Many people are writing about what Google *will* discuss at tomorrow’s Google I/O conference, but unless they have clairvoyance, leaking, or guessing based on the schedule, it’s difficult to be definitive. I will be attending tomorrow and wanted to discuss what I think Google *should*discuss during the event.
Artificial intelligence.: Last year, Google rolled out the TPU, a machine learning inference accelerator, and they also showed how the company used machine learning-based AI in Google assistant, bots, Google Home web and Android experiences.
Google should talk about updates on all those fronts. Bots so far have been a market and user failure and think like Facebook and Microsoft did in their conferences (F8 and BUILD which I attended), Google should talk how they see bots working in the future. I think we should here more examples of how AI is everywhere in all the Google experiences of Chrome, Android, G Suite and possibly Pixel. Google, like Facebook and Microsoft will go out of their way to show how much farther ahead than anyone in AI with frameworks, applications and hardware. They will talk about the thousands of ways they are using AI and reinforce that Tensorflow, created and then open-sourced by Google, is the #1 distribution on GitHub.
Cloud: Google made most of their enterprise cloud announcements at Google Next 17, so I think on volume, we shouldn’t hear as much about the cloud as last year. I do think we should see some fancy updates on cloud/web apps like Photos, Music, Mail, Search, Maps, Music, YouTube, etc., likely leveraging AI above.
Regarding AR, Microsoft has sucked a lot of wind out of the Google ecosystem with a successful HoloLens and Windows Holographic OS, even though Google was first with Glass. Google should to trot out much better headsets and tools. Who knows, maybe it’s time to trot out Google Glass 3? Google Glass 1 is the consumer-focused device sitting in one of my boxes in my garage, Glass 2 is the less talked about one in developer’s hands right now.

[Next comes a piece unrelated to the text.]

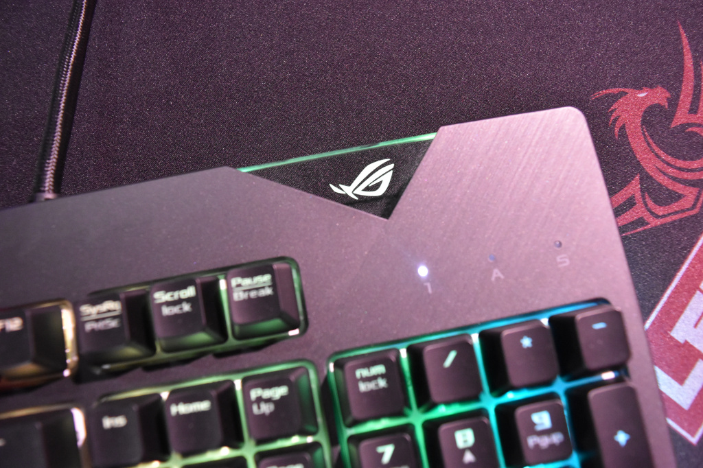 Что касается RGB-подсветки, здесь RoG Strix Flare также преподносит некоторые сюрпризы, хотя, казалось бы, что нового можно придумать там, где это практически невозможно? Как оказалось, можно. В Strix Flare есть две световые полосы, находящиеся по боковым граням клавиатуры. Они являются весомым дополнением к общей подсветке клавиш девайса и определенно придают RoG Strix Flare некий шарм. Подсветка клавиш клавиатуры весьма яркая, а эффектов свечения на выбор – очень много. Отдельно отметим, что здесь производитель решил не удалять ребра жёсткости у колпачков клавиш, которые находятся у кейкапов прямо над светодиодом. Это в свою очередь, имеет свои положительные и отрицательные стороны. К примеру, подсветка не настолько яркая, но в тоже время, колпачки клавиш не снимаются так легко, как в других клавиатурах.
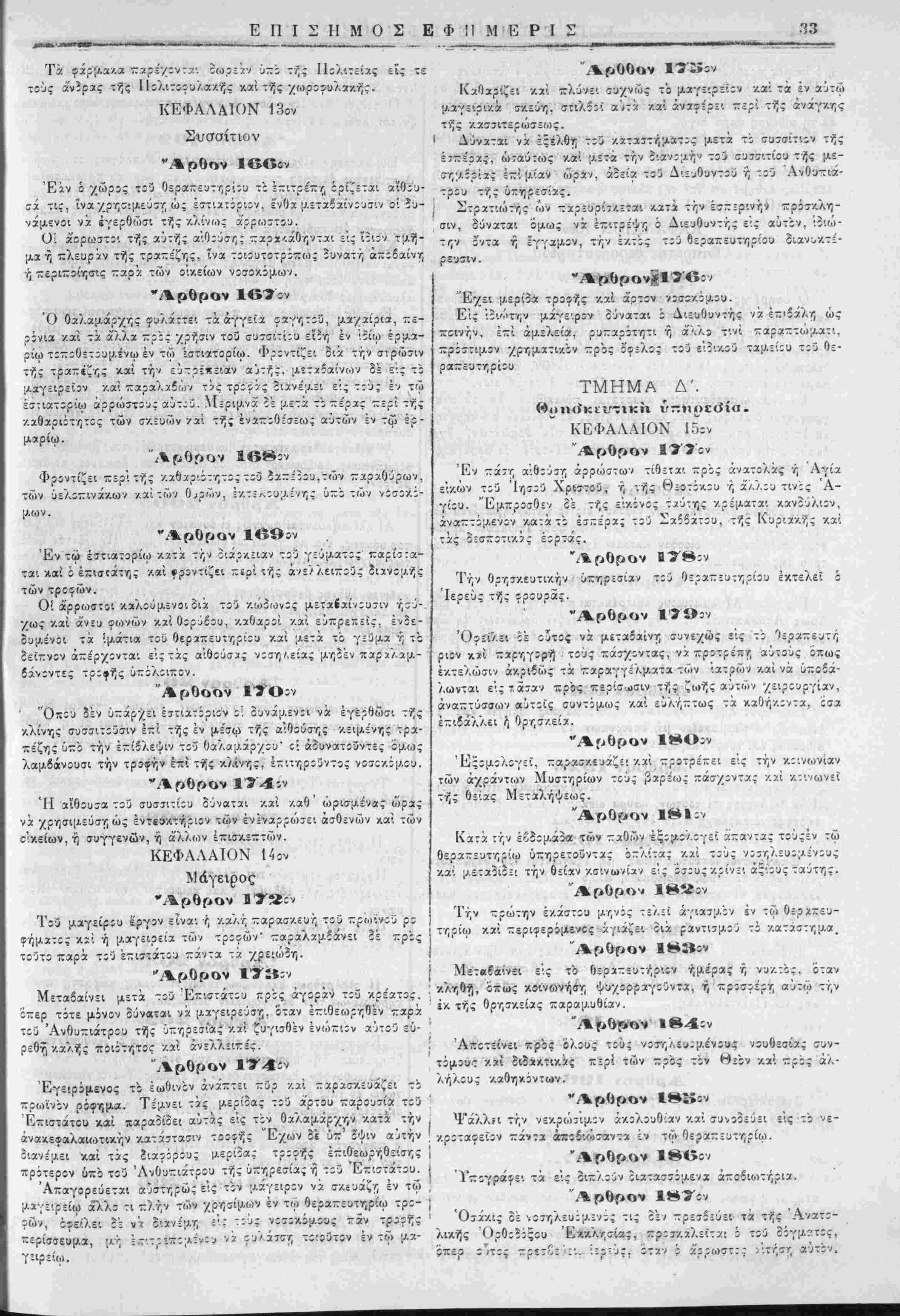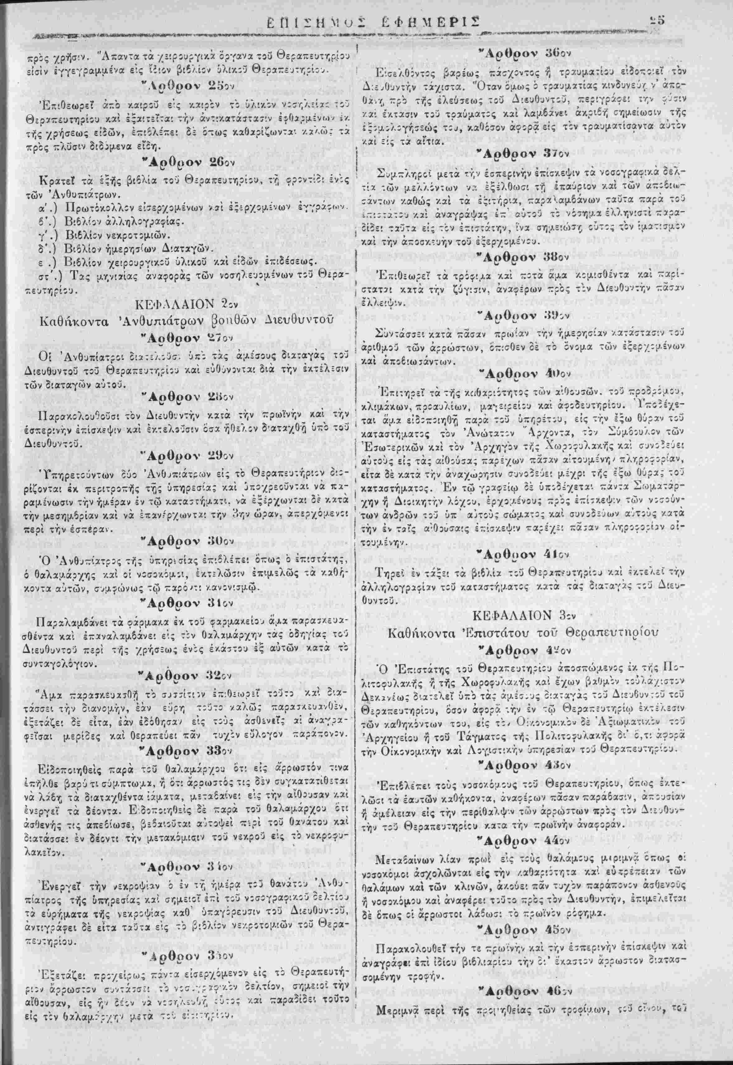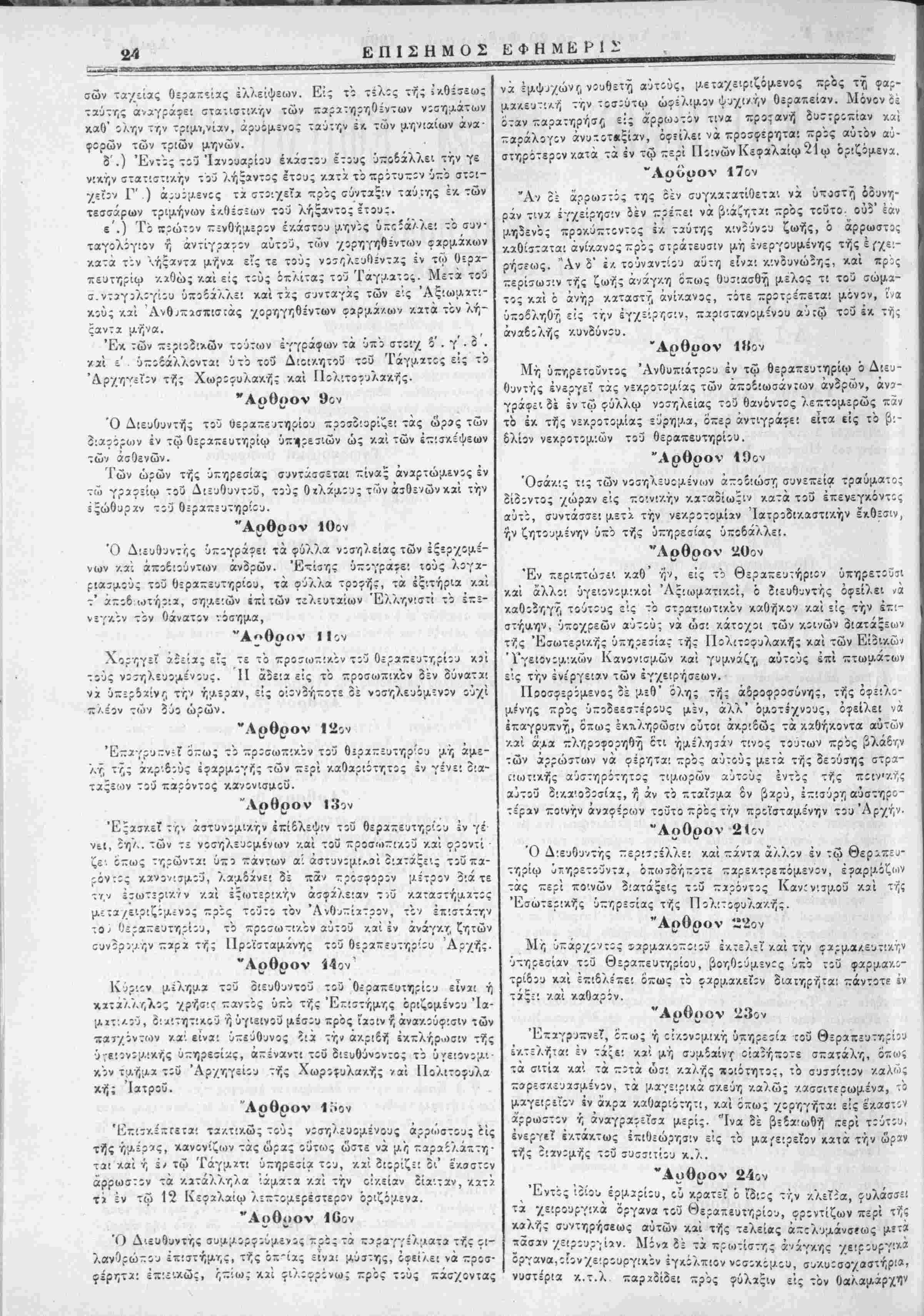 Ό Διευθυντής τοΰ θεραπευτηρίου προι'σταται «πάσης τής έν

Related to all three (AI, AR/VR, cloud), we very well could see some real details on autonomous cars via Waymo. This pulls together AI, AR and the cloud, so as a show of technical bragging rights, we could very well see details. Companies like NVIDIA and Intel are starting to get more credit than Google for powering autonomous cars, so Google should trot out Waymo details.
Enterprise: Google already had their enterprise show at Next 17, so while Google I/O isn’t enterprise focused, I think Google should reiterate some of the key messages and products they sent at Next 17.
Android apps on Chrome OS: Last year, Google announced Android apps on Chrome. Google must address the “less-than-optimal” experience of Android apps on Chrome OS. I spent months with Samsung’s latest Chromebook Plus and the experience felt slow and confusing.
As for Hangouts Chat for enterprise, only a few customers are able to test it and therefore must not be fully baked. Slack and Cisco Systems Spark is fully released, Microsoft Teams is fully available to all customers, but Hangouts Chat isn’t broadly available or complete. I don’t quite know what the delay is, but it would be nice to be able to test. Google should provide an update on Chat and Jamboard.
Android O: Obviously we should hear more details on Android O. I’d like to hear Google address how it will attack the next billion smartphones, many of which today are flip phones in emerging regions. Ubuntu phone OS dropped out of the race, Microsoft isn’t interested in it, Apple either, so this space should be target-rich for Google.
Privacy: AI is great, but we can’t forget that like Facebook, Google’s primary business is advertising. Therefore, it shouldn’t be a surprise that everything Google does, with the exception of some of its advanced development projects, is designed to build better personal profiles to increase ad CTR (click-through rate) or create platforms to deliver advertising.
I’d like to see Google discuss how it is clearly disclosing how it is using AI, what it is doing with those very personal details, how it is secured and disposed of and how this consumer data is kept separate from enterprise data.
Wrapping up
After having attended both Microsoft’s and Facebook’s developer events, Google I/O should round out much of the field until Apple’s WWDC event in a few weeks. I’m looking forward to being dazzled and if not that informed. I’ll write about the show here in a few days.